Köyün iki genci aç, sefil, bir gün iş bulur çalışır yerlerdi, diğer gün aylak aylak işsiz aç gezerlerdi. Ta ki canlarına tak etti ve artık şehre gidip iş aramaya karar verdiler.
Yola koyuldular ve şehirde sokak sokak, cadde cadde iş ararken birden bir kalabalığa rastladılar merak edip kalabalığın için girdiler ve ne var ki kalabalığa karıştırdıkları an bir güvercin gelip o iki köylünün birisinin başına kondu ve pisledi. Birden halk üzerine çullandı ve omuzlarına aldılar yaşasın kralımız sloganları atarak saraya taşıdılar. İki zavallı köylü neye uğradıklarına şaşmış kalmışlardı, ta ki bu şehirde kral seçiminin, güvercin kimin başına konarsa onun kral olacağını öğrenmişler. Bir köylü kral diğeri ise veziri oldu.

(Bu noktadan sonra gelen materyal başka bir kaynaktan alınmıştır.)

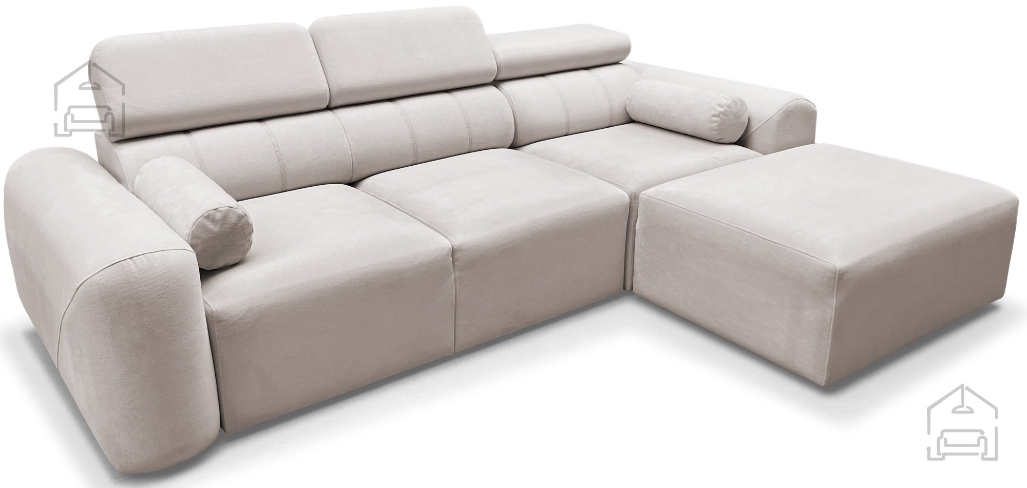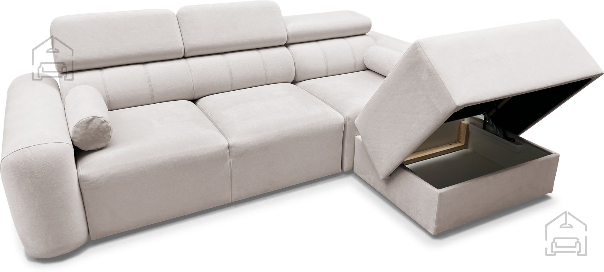 Die Ecksofa-Garnitur Volare I ist die ideale Lösung für moderne Wohnungen, in denen das Gleichgewicht zwischen Ästhetik und Funktionalität wichtig ist. Ihr Erscheinungsbild wird durch verstellbare Kopfstützen ergänzt, die zusätzlichen Komfort beim Fernsehen oder Lesen bieten. Dank der durchdachten Konstruktion und hochwertigen Materialien ist dies ein Möbelstück, das viele Jahre lang dienen wird.

Gel gün git gün vezir halkın halini incelemeye çıktı, her defasında krala gelip durumun kötü olduğunu bildirirdi ve kral ise her seferinde ‘’sittir et ‘’ derdi.
Vezir kızardı, şaşardı, kralın bu duyarsızlığına anlam veremezdi. Oysaki o sefaletten, açlıktan en iyi anlayanlardandır. Bu vaziyet defalarca tekrarlandı ve her seferinde kral aynı yanıtı vererek ‘’sittir et ‘’dedi.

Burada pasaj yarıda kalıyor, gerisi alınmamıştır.